Taken together, our findings showed that the therapeutic index is marginal. However, it is worth noting that 5-fluorouracil, the safest among the hits, showed a high MNCC/MIC50 ratio, only 2-log2 lower than that calculated for tobramycin, which would make it possible to create an aerosolized formulation to achieve higher concentrations and increase lung penetration, which is especially important for CF pulmonary infections.
Based on the findings from cytotoxicity and MIC assays, only the hits showing the potential for clinical use—i.e., those with a MIC of ≤0.1 mM against at least 50% of P. aeruginosa strains tested, and with a MIC50 not cytotoxic to IB3-1 cells—were selected for further characterization: ebselen, tirapazamine, carmofur, tavaborole, and 5-fluorouracil.
Time-kill assay.
To investigate the bactericidal activity of the selected five hits, time-kill assays were compared to the commonly used antibiotic tobramycin (Fig. 6). The results confirmed the predicted antimicrobial effect based on the MBC/MIC values.
Specifically, a rapid and dose-dependent bactericidal effect was observed when P. aeruginosa RP73 cells were exposed for 2 h and 4 h, respectively, at 4× and 2× MIC of ebselen. However, the cell count decreased below the detection limit without regrowth over 24 h only at 4× MIC, while a reduction by 4.3 log10 CFU/mL with a later trend to regrowth was seen after exposure at 2× MIC. Other hits showed bacteriostatic activity regardless of the concentration tested, with carmofur as the most active causing, after 24 h of exposure at 4× MIC, a reduction in cell counts by 2.6 log10 CFU/mL. Exposure to tavaborole at all tested concentrations allowed P. aeruginosa growth similar to that of unexposed samples. Tobramycin showed a precise dose- and time-dependent effect resulting in a bactericidal effect irrespective of the concentration tested. At 4× MIC, the cell count settled below the detection limit more slowly than ebselen did (6 h versus 2 h, respectively).
Overall, our findings showed that only ebselen has the potential to cause rapid and dose-dependent bactericidal activity against P. aeruginosa. It is plausible to infer that ebselen retains this effect at least against 50% of P. aeruginosa CF strains tested, as suggested by the MBC/MIC ratio of 2.
Drug combination assay.
Combination therapy is an important alternative when monotherapy is not effective. Indeed, synergism between two agents may reduce treatment toxicity by administering lower doses and reducing antimicrobial resistance. Few studies have tested anticancer-antibiotic combinations for synergistic activity (24). 5-Fluorouracil was reported to interact synergistically with β-lactam antibiotics when tested against Gram-negative bacilli, such as P. aeruginosa, Klebsiella pneumoniae, and Proteus mirabilis (25, 26).

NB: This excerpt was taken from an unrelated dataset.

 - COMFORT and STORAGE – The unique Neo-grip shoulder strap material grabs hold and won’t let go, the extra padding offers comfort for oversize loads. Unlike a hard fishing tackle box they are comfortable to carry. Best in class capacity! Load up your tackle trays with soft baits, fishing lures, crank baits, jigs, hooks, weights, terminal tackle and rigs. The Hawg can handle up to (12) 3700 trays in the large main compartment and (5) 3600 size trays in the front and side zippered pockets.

To evaluate whether the selected hits could synergistically interact with tobramycin, we performed a microdilution checkerboard combination assay against the P. aeruginosa RP73 tobramycin-resistant strain, and fractional inhibitory concentration index (FICI) values were calculated. No synergistic interaction was found, as suggested by the FICI values ranging from 1.06 to 2.00 (data not shown), confirming that the hits have antibacterial activity on their own. Further studies on other drugs approved for CF, such as levofloxacin and colistin, are warranted.

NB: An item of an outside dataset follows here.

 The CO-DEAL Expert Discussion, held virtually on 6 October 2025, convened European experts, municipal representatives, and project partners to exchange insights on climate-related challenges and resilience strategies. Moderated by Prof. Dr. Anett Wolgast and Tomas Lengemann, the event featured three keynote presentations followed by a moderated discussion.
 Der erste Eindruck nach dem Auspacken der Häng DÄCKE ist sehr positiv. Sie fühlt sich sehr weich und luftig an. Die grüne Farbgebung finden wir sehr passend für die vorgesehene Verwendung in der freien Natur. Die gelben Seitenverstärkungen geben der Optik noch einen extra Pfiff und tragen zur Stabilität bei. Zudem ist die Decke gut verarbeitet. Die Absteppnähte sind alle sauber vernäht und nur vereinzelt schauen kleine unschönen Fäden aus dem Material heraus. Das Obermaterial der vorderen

Antibiofilm activity against P. aeruginosa biofilm.
The ability to form intrinsic resistant biofilms by P. aeruginosa is a relevant mechanism underlying persistent infection in the lung of CF patients (27). Therefore, the selected hits were evaluated using a crystal violet assay for their potential to affect biofilm formation and cause the dispersion of preformed biofilm by P. aeruginosa RP73 (Fig. 7 and 8).
All the hits tested caused a statistically significant reduction in biofilm formation compared to the control after 24 h, although to different extents (Fig. 7). Carmofur and 5-fluorouracil were the most active drugs, preventing biofilm formation over the tested concentration range. Tirapazamine was the least active, reducing biofilm biomass by 25.3% and 41.1%, respectively, at 1/4× and 1/2× MIC. The antibiofilm activity was dose dependent in the case of ebselen, tirapazamine, and tavaborole. To our knowledge, this is the first evidence of antibiofilm activity reported for tavaborole and tirapazamine. About ebselen, although it has been reported to significantly affect biofilm formation by Helicobacter pylori (28), vancomycin-resistant enterococci (29), and staphylococci (30), no studies have been conducted on P. aeruginosa. The antibiofilm effect we saw in the present study could be due to the inhibition of alginate synthesis (31). In agreement with our findings, Guendoze et al. found that 5-fluorouracil, acting as an inhibitor of quorum sensing (QS), affects biofilm formation in P. aeruginosa, although at concentrations significantly higher than those seen in the present study (≥60 μM versus 12.5 μM, respectively) (32). Other studies also reported that 5-fluorouracil efficiently reduces adherence and blocks biofilm formation of methicillin-resistant S. aureus (MRSA) and Escherichia coli by inhibiting quorum-sensor autoinducer-2 production (33) and through global regulator AriR (34), respectively. Another mechanism could be the downregulation of expression of algD coding for GDP-mannose 6-dehydrogenase involved in the alginate polymerization needed for adhesion and following biofilm formation (35). From a translational point of view, clinical trials in humans testing the effect of 5-fluorouracil as an antibiofilm external coating of central venous catheters in critically ill patients have also shown its efficacy in abolishing colonization by Gram-negative bacteria and preventing bloodstream infections (36). Tobramycin significantly affected biofilm formation in a dose-dependent manner (40.4 and 68.2% reductions versus the control, respectively, at 1/4× and 1/2× MIC), although with lower efficacy than 5-fluorouracil, carmofur, and tavaborole (P values of at least <0.05).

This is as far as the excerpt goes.